Mamie Pétille : Il s’agit de votre second roman, sorti en 2002 puis réédité en 2013. Il a touché de nombreux lecteurs. Comment l’avez-vous vécu ?

Gilles Paris : Comme un porte bonheur. Souvent les romanciers sont les écrivains d’un seul roman qui les suit tout au long de leur carrière. Ils tentent de s’en échapper, de faire « mieux ». Mais les lecteurs les ramènent à ce livre phare. En 2013 la collection Etonnants Classiques a accepté Autobiographie d’une Courgette et le livre est entré dans les écoles de France. C’est génial tout ce qui arrive à ce livre, et par ricochet à moi…

Mamie Pétille : "Autobiographie d’une Courgette" a également ému des réalisateurs. Il été adapté une première fois en 2007 pour la télévision par Luc Béraud sous le titre "C’est mieux la vie quand on est grand" avec Daniel Rousseau dans le rôle du gendarme. A son tour Claude Barras (qui avoue avoir eu "un véritable coup de foudre" pour votre histoire) a souhaité le porter à l’écran. Ainsi est né "Ma vie de Courgette", actuellement au cinéma. Quels ont été respectivement vos rôles dans ces adaptations cinématographiques ?

Gilles Paris : Je n’ai eu aucun rôle dans ces adaptations. J’adore qu’on s’empare de mes univers. Je suppose que Luc Béraud, tout comme Claude Barras avaient des raisons tout à fait personnelles de les adapter. Ce qui est légitime. Je n’ai pas du tout envie de m’en mêler. Je n’en ai ni le temps, ni l’envie. C’est vrai que j’ai eu de la chance et que cela a donné deux adaptations très différentes. Je les aime toutes les deux, même si j’ai une préférence pour celle de Claude Barras qui est un bijou rare, serti d’émotions pures.

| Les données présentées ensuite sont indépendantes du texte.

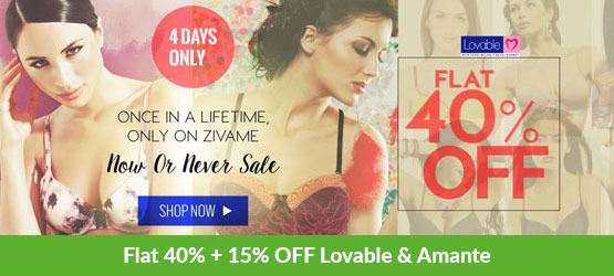 Get Flat 40% OFF + Extra 15% OFF Lovable & Amante Women Lingerie at Zivame.com.
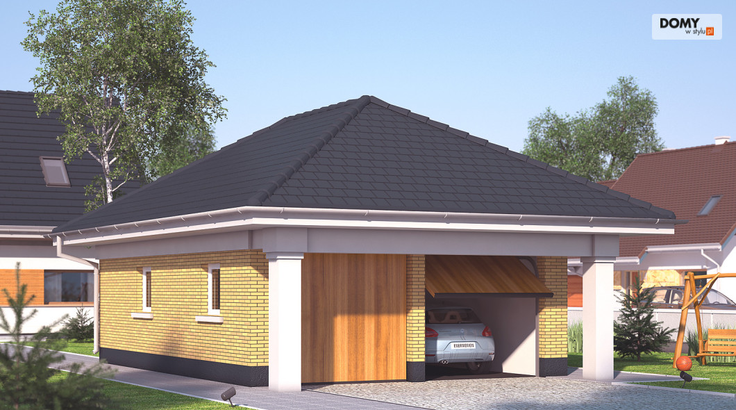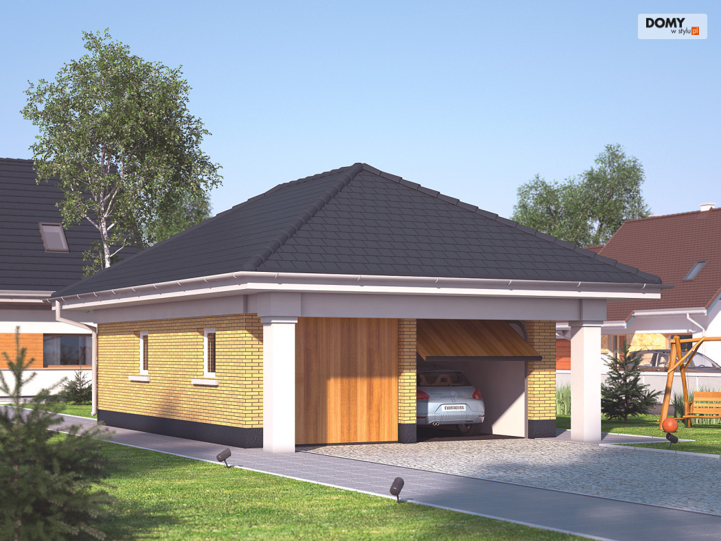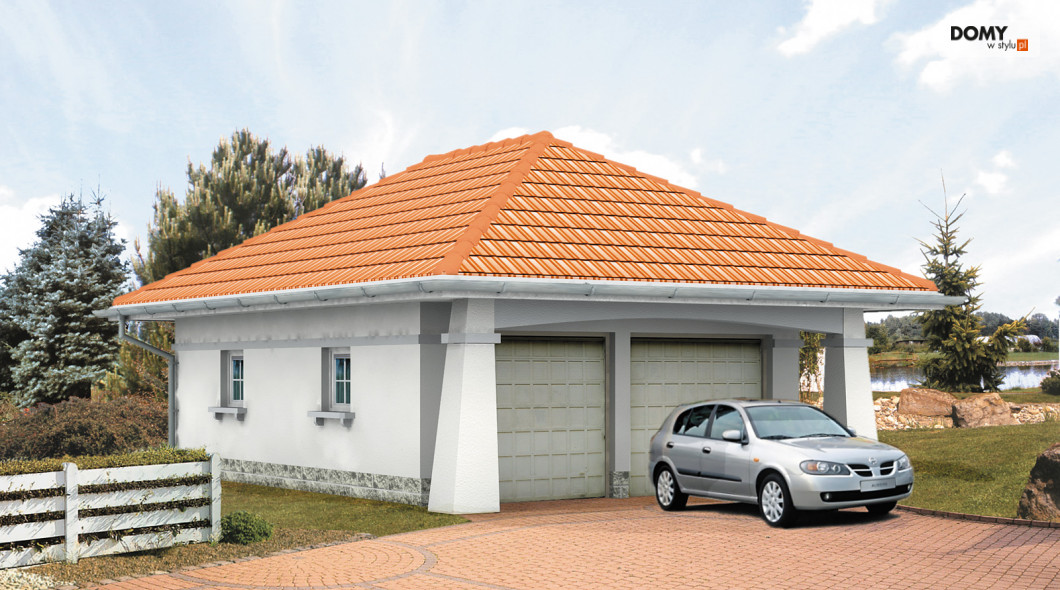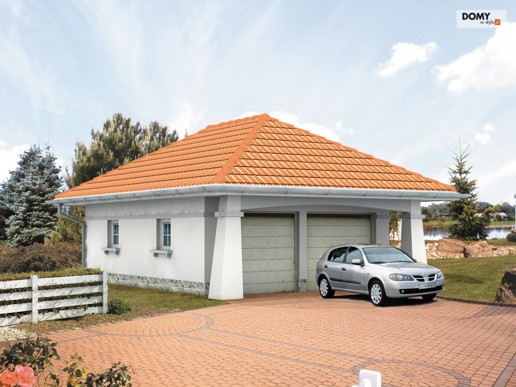 Garaż dwustanowiskowy, wolno stojący z pomieszczeniem gospodarczym.

Mamie Pétille : Qu’avez-vous ressenti la première fois que vous avez vu le film ?

Gilles Paris : J’ai vu le film de Claude Barras en avril. Je me suis recroquevillé dans mon fauteuil comme un gamin, j’ai ri et j’ai pleuré. (Je pleure très facilement en regardant un film)

Mamie Pétille : Est-ce que d’autres romans vont faire l’objet d’une adaptation ?

Gilles Paris : J’espère qu’avec l’accueil et le succès de Ma vie de Courgette, certains producteurs vont s’intéresser à mes livres. Le langage de l’enfant est très imagé, et je pense que mes romans comme Au pays des kangourous et L’été des lucioles sont tout à fait adaptables. Je me fie à mon instinct, on verra bien !

Mamie Pétille : Vous écrivez en ce moment ? En avez-vous terminé avec l’enfance ?

Gilles Paris : Je viens de finir un nouveau roman Le vertige des falaises qui paraitra début avril 2017 chez Plon. Il est très différent de mes autres livres, mais j’y garde la poésie et le romanesque. Ce n’est plus un enfant qui s’exprime, mais une adolescente très rebelle, un peu peste, dans un univers très hitchcockien. Mais je n’en ai certainement pas fini avec l’enfance. Je sais que j’y reviendrais.